A ideia base do anarquismo clássico, associado a filósofos como Proudhon e Bakunin, é a de que o ser 
humano é naturalmente bom e capaz de formar espontaneamente relações sociais harmoniosas com os 
seus semelhantes. Verificamos assim que o anarquista possui uma concepção positiva da natureza 
humana: o homem não é mau, mas é antes um ser naturalmente bom. 
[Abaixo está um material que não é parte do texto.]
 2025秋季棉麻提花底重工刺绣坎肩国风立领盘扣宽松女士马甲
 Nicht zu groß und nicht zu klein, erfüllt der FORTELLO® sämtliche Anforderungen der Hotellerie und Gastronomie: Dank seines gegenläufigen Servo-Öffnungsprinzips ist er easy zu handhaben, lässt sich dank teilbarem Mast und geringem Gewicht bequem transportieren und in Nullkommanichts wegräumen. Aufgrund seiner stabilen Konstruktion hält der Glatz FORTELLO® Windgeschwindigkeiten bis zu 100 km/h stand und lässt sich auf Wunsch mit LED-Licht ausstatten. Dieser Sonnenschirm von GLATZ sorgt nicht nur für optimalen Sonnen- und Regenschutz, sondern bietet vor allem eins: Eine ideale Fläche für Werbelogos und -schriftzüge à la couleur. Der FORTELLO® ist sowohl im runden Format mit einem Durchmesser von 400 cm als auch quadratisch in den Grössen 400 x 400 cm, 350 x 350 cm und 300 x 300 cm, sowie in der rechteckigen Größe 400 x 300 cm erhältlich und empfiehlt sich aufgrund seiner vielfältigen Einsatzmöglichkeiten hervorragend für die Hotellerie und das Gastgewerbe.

O que corrompe essa espontaneidade, ainda segundo o anarquista, é a hierarquização da 
sociedade, o domínio de uns por outros, as punições e as regras, ou seja, a destruição da liberdade dos 
indivíduos. E para o anarquista, isso é culpa do Estado. Por isso, ele defende a abolição do Estado, 
porque o Estado seria incompatível com a realização de cada indivíduo. O indivíduo vive em paz e em 
harmonia com os outros sem o Estado e, nesse sentido, vive substancialmente melhor do que com um 
Estado que permanentemente coage o indivíduo. 
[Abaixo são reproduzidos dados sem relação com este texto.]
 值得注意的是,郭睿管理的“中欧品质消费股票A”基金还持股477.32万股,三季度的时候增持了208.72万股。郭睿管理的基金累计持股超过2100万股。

Para o anarquista, o homem é por natureza um ser livre e responsável, consciente dos seus 
deveres e das suas responsabilidades perante os outros e perante si mesmo, que tem a capacidade de 
dar princípios a si próprio, sem ter que necessariamente obedecer a ordens ou princípios exteriores que 
limitam a sua liberdade natural e o mantêm numa situação de menoridade. 
 
- Karl Marx: O Estado favorece uns e prejudica outros. 
 
Karl Marx (1818-1883) foi um filósofo alemão de origem judia, fundador da corrente de 
pensamento marxista. No século XX aproximadamente metade da humanidade viveu décadas sob 
regimes políticos inspirados no pensamento de Marx. Defendeu que o comunismo seria a única forma 
de abolir a exploração de um ser humano por outro. 
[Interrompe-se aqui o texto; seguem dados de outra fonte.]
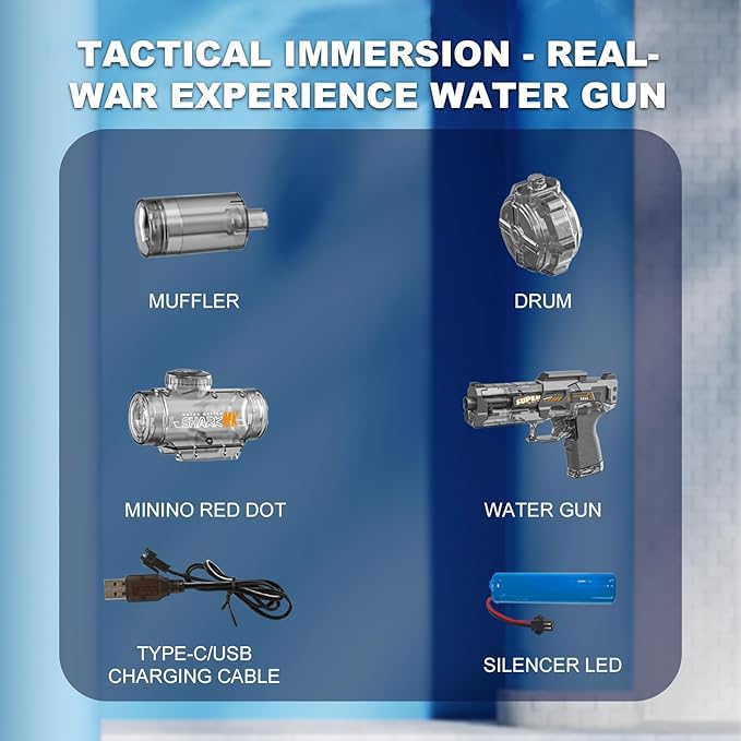 Electric Water Gun for Adults Kids, Automatic Squirt Watergun Pistol with Led Lights, Summer Outdoor Pool Beach Party Toys, Black

Para Marx, a história tem sido marcada pela luta entre duas classes. Com a Revolução Industrial, 
a desigualdade entre essas classes intensificou-se, sendo uma a burguesia, detentora da maior parte da 
riqueza da sociedade e a outra o proletariado, que vive na miséria fruto da exploração a que é sujeito 
por parte da burguesia. 
O Estado, quando devia ter um papel de regulador destas desigualdades, apenas contribui, 
segundo Marx, para manter ou promover essa mesma desigualdade. Uma classe, a burguesia, tem mais 
direitos e melhores condições de vida do que o proletariado, melhores condições essas resultantes da 
escravização imposta a esta classe trabalhadora. 
Para Marx, este antagonismo de bens materiais e qualidade de vida entre os indivíduos não é 
sustentável. Se o Estado continua a manter esta situação e nada faz para resolvê-la, não faz falta à 
sociedade e, por isso, tem de ser abolido. Assim, compreende-se que a necessária melhoria das 
condições de vida dos indivíduos passe pela extinção do Estado. Tal é o objetivo último de Marx: 
tornar o mundo mais humano nas relações entre os indivíduos, através da abolição do Estado.